The speciality chemical business constitutes 40 per cent of overall company revenue followed by CRAMS (25 per cent) and the rest comes from refrigerant (18 per cent) and inorganic fluoride (17 per cent) businesses. The company, which is one of the largest integrated fluorochemicals manufacturers in India, has facilities in Surat, Dewas and Dahej.

“Navin’s CRAMS molecules are key intermediates of several patented pharmaceutical drugs. As per industry estimates, sales of these patented drugs are likely to peak by CY25-26. Hence, in our view, with the ramp-up of these patented drugs, Navin’s CRAMS revenue could demonstrate a 29 per cent CAGR over FY22E-25E and reach $87 million by FY25E and surpass $100 million by FY26E,” Dayanand Mittal and Krishan Parwani, analysts at JM Financial said.

Navin Fluorine has a strong pipeline in the speciality chemicals segment from the agro-chemical and non-agro and non-pharma industries. JM Financial expects the recent capex for this business to see a quick ramp-up as the demand environment remains robust.
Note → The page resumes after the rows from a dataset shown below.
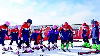 吉林省吉林市第二实验小学学生在吉林市纳美山谷度假区学习滑雪。 新华社发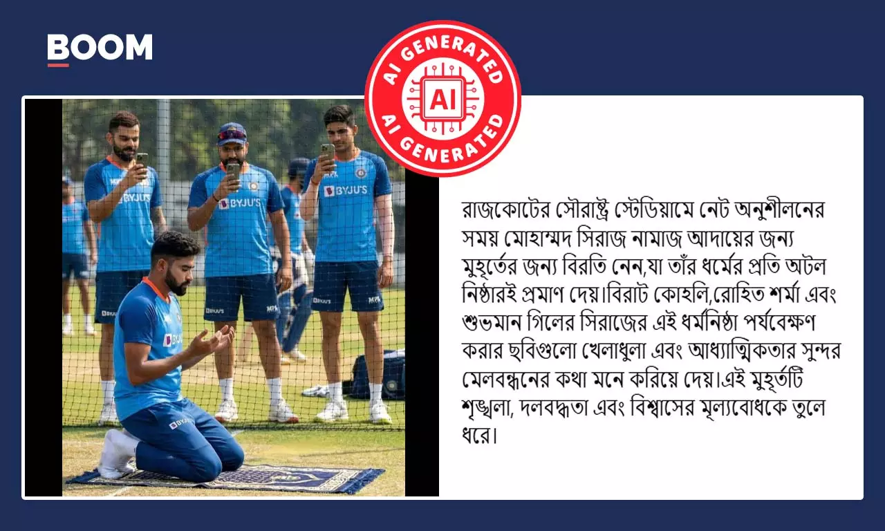 ক্রিকেট স্টেডিয়ামে মহম্মদ সিরাজের নামাজ পড়ার AI ছবি ভাইরাল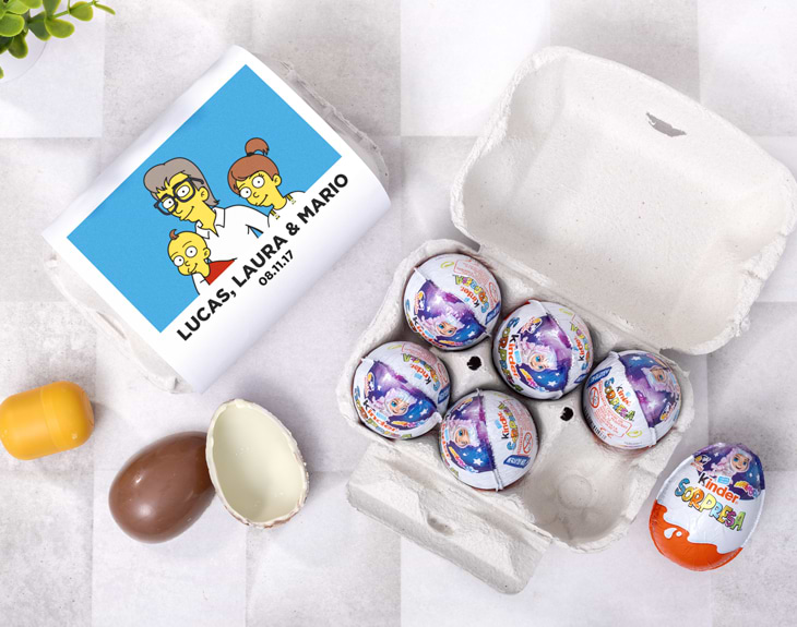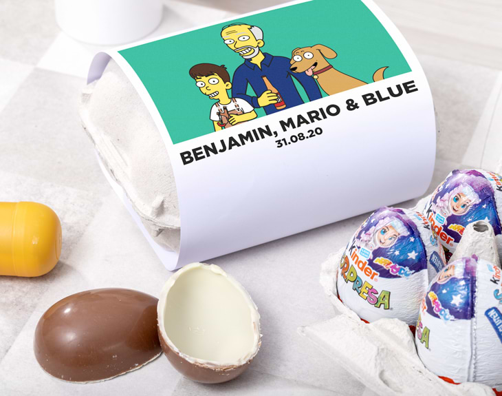 ¡Este Día del Padre tenemos el plan perfecto! Disfrutar de unos deliciosos chocolates mientras haces un maratón de Los Simpson. Para hacerlo aún más especial, te traemos esta huevera personalizada con el diseño "Padre Simpson". Un regalo original para sorprender a papá y pasar un rato divertido juntos. Lo mejor de esta sorpresa es que podrás crear tus propios personajes Simpson desde cero. Hay un montón de opciones para personalizar el pelo, la ropa, los accesorios y convertirte en una auténtica familia de Springfield. Y por si fuera poco, ¡incluye 6 chocolates huevos Kinder Joy! Un regalo tan dulce como divertido. Personalizar esta huevera es muy sencillo. Solo añade el producto al carrito y entra en el área de personalización. Desde allí podrás crear tus personajes y elegir el color de fondo. ¡Sin duda, será un regalo original para padres! Medida: 18 x 12 cm.

That said, analysts see higher raw-material cost for the company as a key risk to margin if they are unable to pass it on to customers.

An unprecedented rise in crude prices has resulted in an intermediate surge in prices of most base chemicals. Given crude is still hovering at $100 per barrel, it is prudent to see how most chemical companies will be able to pass on input price inflation in Q1FY23E.
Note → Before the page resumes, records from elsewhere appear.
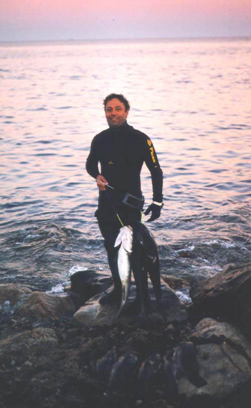 a record catch in one hour diving :-) ... 3 magnificent blue fish landed between 16h30 and 17h45 !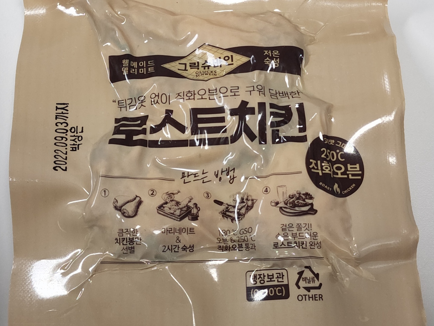 약 6개월 전인 2월 17일에 이 제품 시리즈 중 하나인 '그릭슈바인 로스트치킨 히말라야 소금구이'를 리뷰한 적이 있습니다. 그 사이에 가격은 6,900 원에서 7,900 원으로 올랐는데, 당시 지적했었던 조리법 표기에 대한 부분은 전혀 개선된 게 없네요. 이물질 혼입 우려가 있는데도 겉비닐 포장이 없는 점도 동일합니다.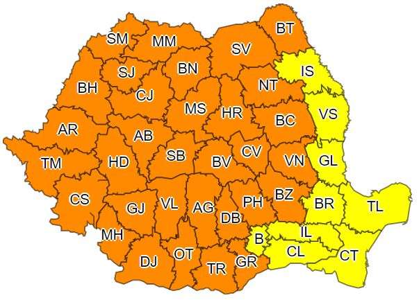 Administraţia Naţională de Meteorologie a emis Cod portocaliu de precipitaţii, vijelie puternică şi grindină pentru 32 de judeţe, precum şi o atenţionare Cod galben de instabilitate atmosferică temporar accentuată pentru toată ţara, valabilă de vineri, ora 12:00, până sâmbătă, ora 23:00.

“Speciality chemical firms had a dream run over 18-36 months. On a 6-12 month basis, these stocks are in a consolidation mode, meaning the positives are already priced in. The main concern is how these companies will manage their input costs,” said Kranthi Bathini, Director, WealthMills, adding that investors can look to enter in a staggered manner as these stocks can show their mettle in the long term given strong businesses.

Meanwhile, Atul Suri, Founder & CEO, Marathon Trends – PMS said: While definitely this space gets affected by commodity prices, we feel very strongly that this is a sector which will be able to navigate through this. From our research, we get a sense that these companies will do well and that is why even when the markets have corrected, most of the stocks are still pushing toward lifetime highs.

On Friday, the stock closed at Rs 4028, 7 per cent away from 52-week high of Rs 4,339.

(Disclaimer: Recommendations, suggestions, views and opinions given by the experts are their own. These do not represent the views of Economic Times)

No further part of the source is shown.